Stored items:
--------
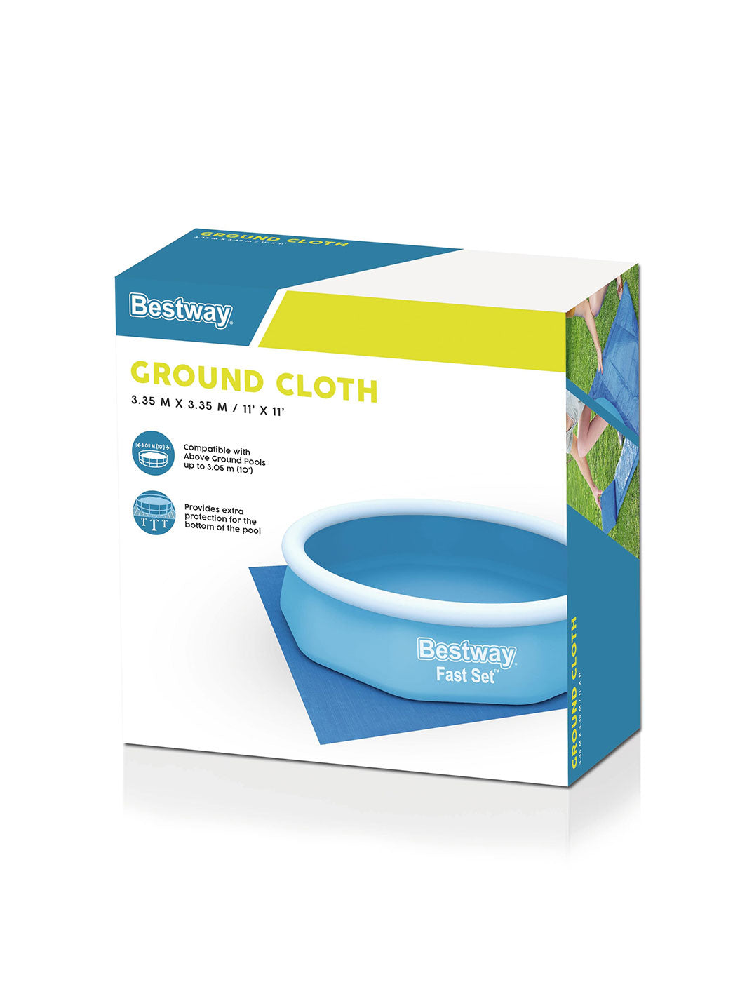El protector de suelo Bestway® de 3.35 m x 3.35 m es el complemento ideal para mantener tu alberca o jacuzzi inflable en perfectas condiciones. Diseñado para colocarse debajo de la alberca, este tapete base protege el fondo contra piedras, ramas u objetos que puedan dañar el material, alargando la vida útil de tu producto.
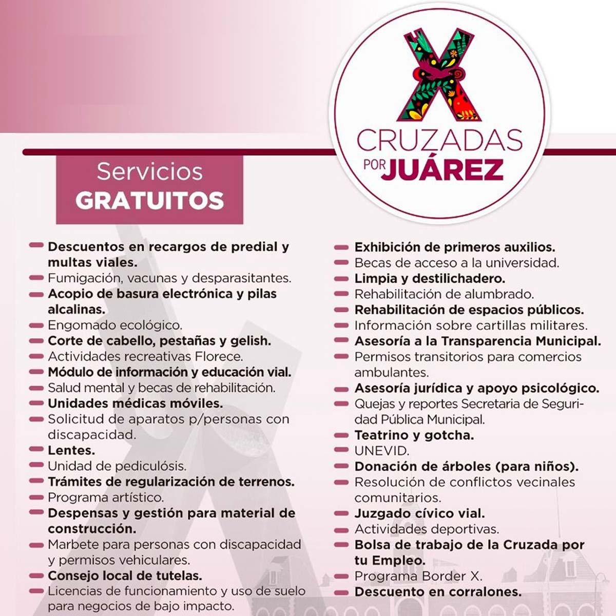 Durante el desarrollo de la Cruzada por Juárez, que se llevará a cabo este sábado 5 de agosto en el fraccionamiento Americano, Tesorería Municipal ofrecerá descuentos en el cobro de recargos por rezago en cuentas del Impuesto Predial, así como en infracciones de vialidad no consideradas graves.
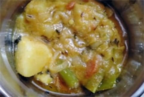 - अब इसमें शिमला मिर्च और आलू डालकर 5 मिनट तक भूनें.
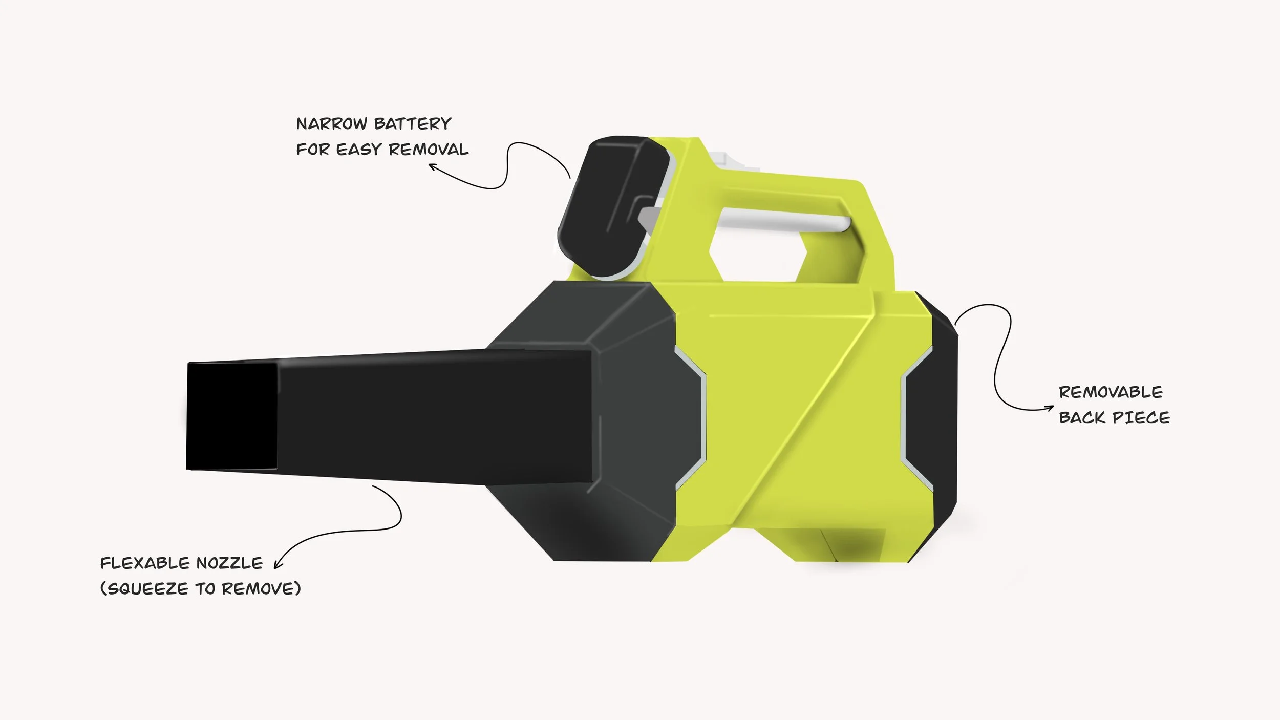 A sleek, user-friendly leaf blower for Ryobi’s One+ product line, built for comfort and convenience. Tailored for users with smaller hands, this concept features handles that provide a comfortable and secure grip. The intuitive disassembly system makes it effortless to put together and take apart, ensuring a hassle-free user experience every time. With its innovative quick-connect design, this leaf blower is perfect for those who want powerful performance without the complexity.
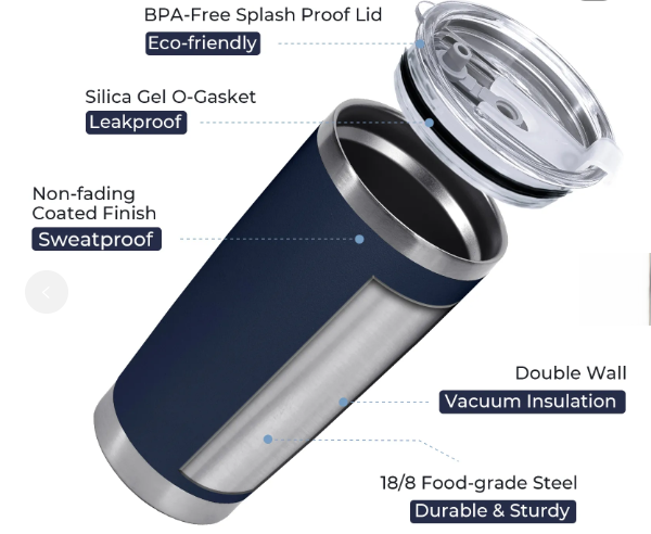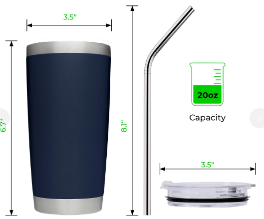 * Hand washing with warm water is recommended to prolong the life of the tumbler coating.
--------
Would you output only the span of the records above that opens with the line containing "Durante el desarrollo" and closes with the line containing "- अब इसमें शिमला", ends included and pictures dropped?

 Durante el desarrollo de la Cruzada por Juárez, que se llevará a cabo este sábado 5 de agosto en el fraccionamiento Americano, Tesorería Municipal ofrecerá descuentos en el cobro de recargos por rezago en cuentas del Impuesto Predial, así como en infracciones de vialidad no consideradas graves.
 - अब इसमें शिमला मिर्च और आलू डालकर 5 मिनट तक भूनें.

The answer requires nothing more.